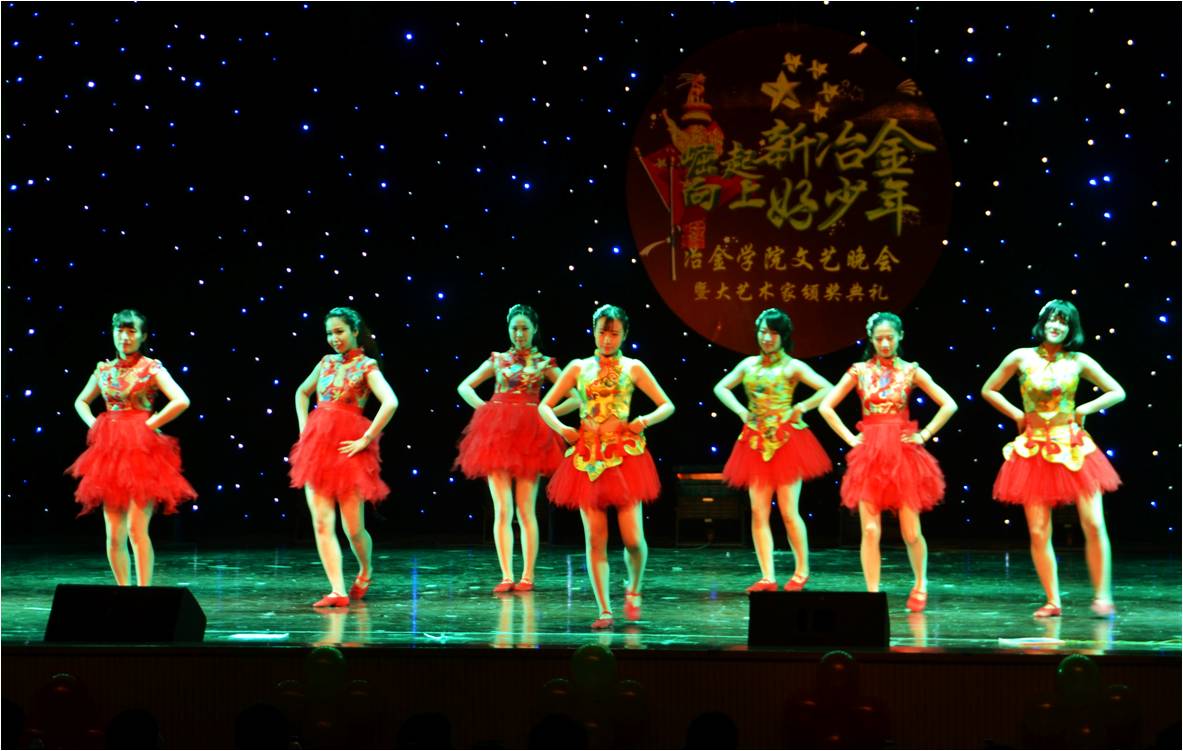 致辞毕,精彩的开场舞拉开晚会的帷幕,第一篇章“缘聚冶金”,由大艺术家们带来的情景剧《爱情玛奇朵》,尽现青春爱情的单纯与羞涩,飘然流转的舞蹈《宫商角徵羽》,给同学们带来了一场视听盛宴。“建大生活酸,建大生活甜,建大生活最斑斓”,来自徐博等人的相声《建大生活》道出了他们在大一这一年里的生活趣事,幽默风趣的语言,赢得了同学们不断的掌声。更有化工14级同学带来的舞蹈《young for you》,年轻的旋律,激情飞扬的舞姿将晚会气氛推向高潮。
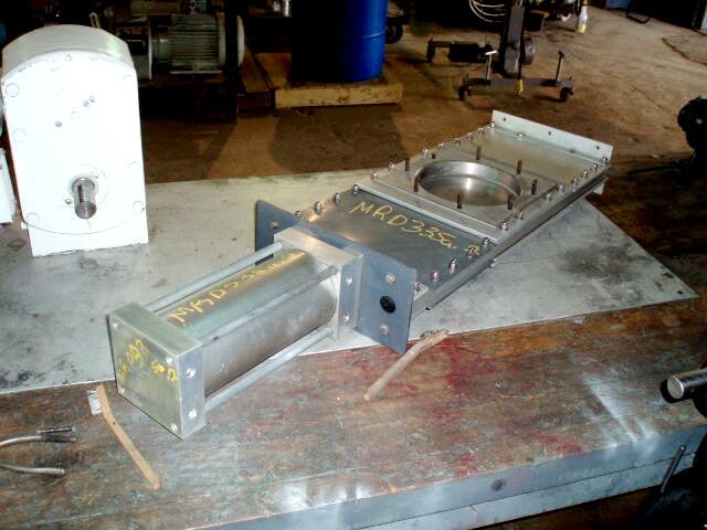 (3) Stainless Steel Pneumatic Slide Gate Valves. Model: 1600. Inlets/outlets: (1) 8 in. dia. port. Air inlets/outlets: (2) 1/2 in. dia. FNPT fittings. Overall dimensions: 3 ft. 7-1/2 in. L x 7-1/2 in. W x 1 ft. H.
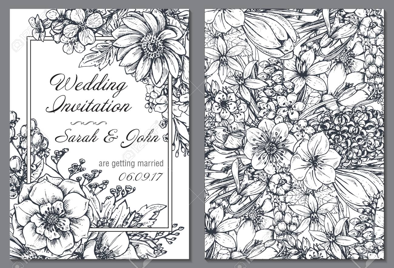 Wedding Invitation With Hand Drawn Spring Flowers And Plants
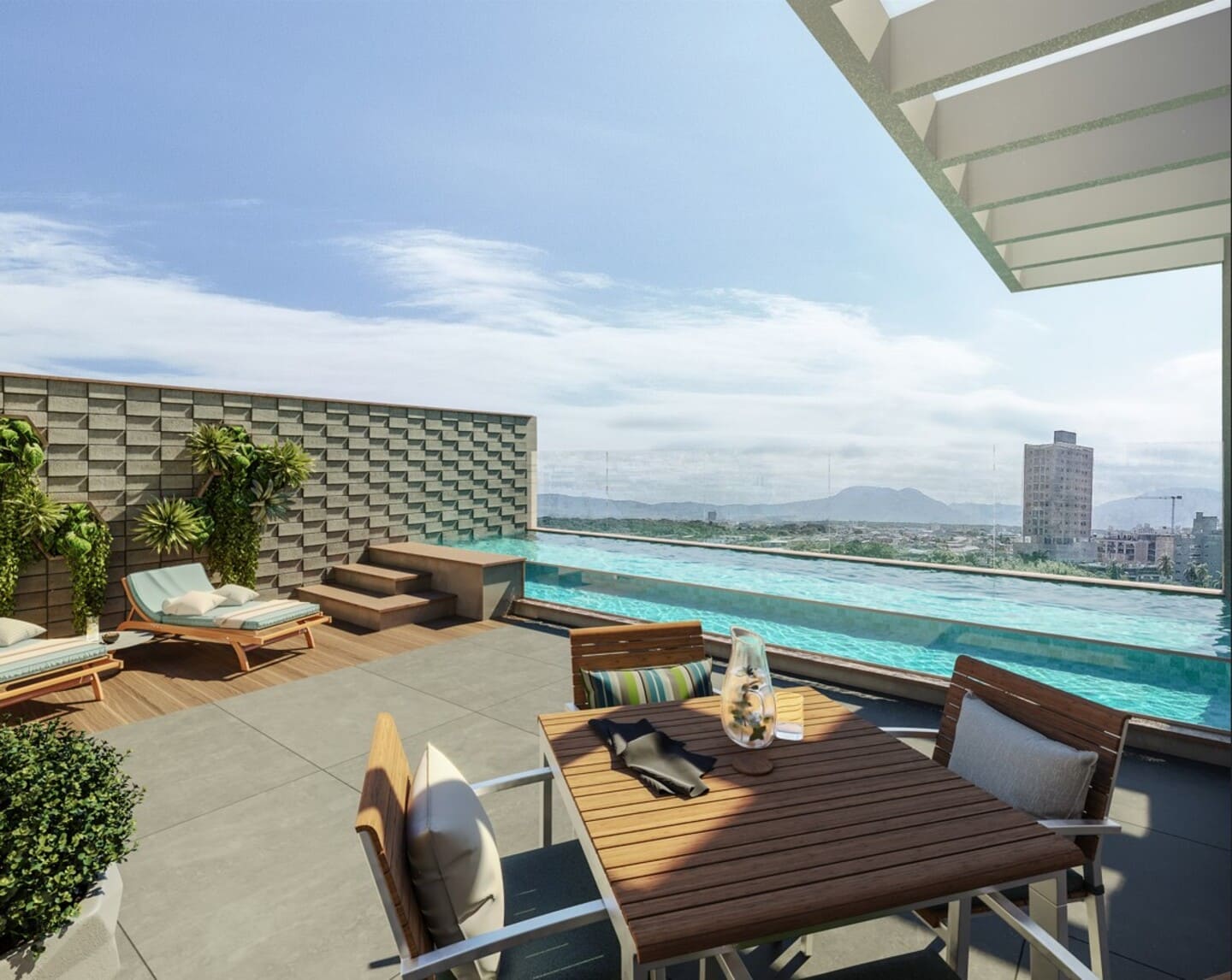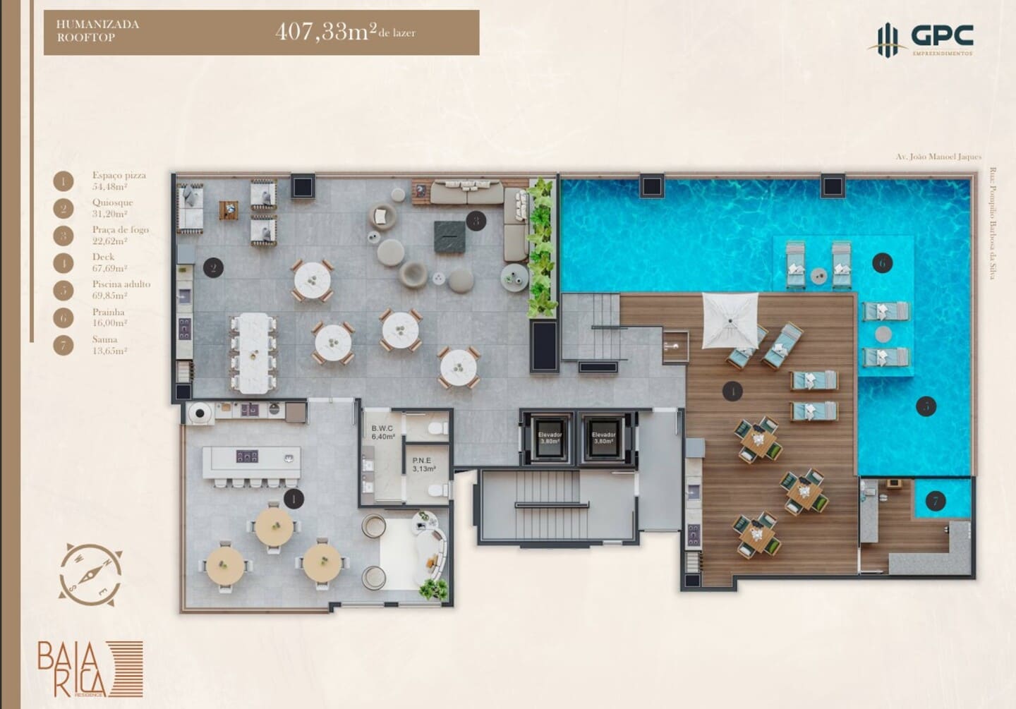 Residencial Baía Rica revela um verdadeiro cenário de encantamento com 1.202,78 m² de lazer distribuídos entre um rooftop panorâmico e um pavimento completo, que impressiona pela beleza e funcionalidade. A piscina com borda infinita, integrada à prainha e à sauna com design refinado, proporciona um mergulho em tranquilidade com vista definitiva para o mar.

:: EXERCISE OBJECTIVE ::
Copy out exactly the lines that run from the line containing "(3) Stainless Steel" through the last line of the material, and nothing more; omit the pictures.

:: RESPONSE TO THE TASK ::
 (3) Stainless Steel Pneumatic Slide Gate Valves. Model: 1600. Inlets/outlets: (1) 8 in. dia. port. Air inlets/outlets: (2) 1/2 in. dia. FNPT fittings. Overall dimensions: 3 ft. 7-1/2 in. L x 7-1/2 in. W x 1 ft. H.
 Wedding Invitation With Hand Drawn Spring Flowers And Plants
 Residencial Baía Rica revela um verdadeiro cenário de encantamento com 1.202,78 m² de lazer distribuídos entre um rooftop panorâmico e um pavimento completo, que impressiona pela beleza e funcionalidade. A piscina com borda infinita, integrada à prainha e à sauna com design refinado, proporciona um mergulho em tranquilidade com vista definitiva para o mar.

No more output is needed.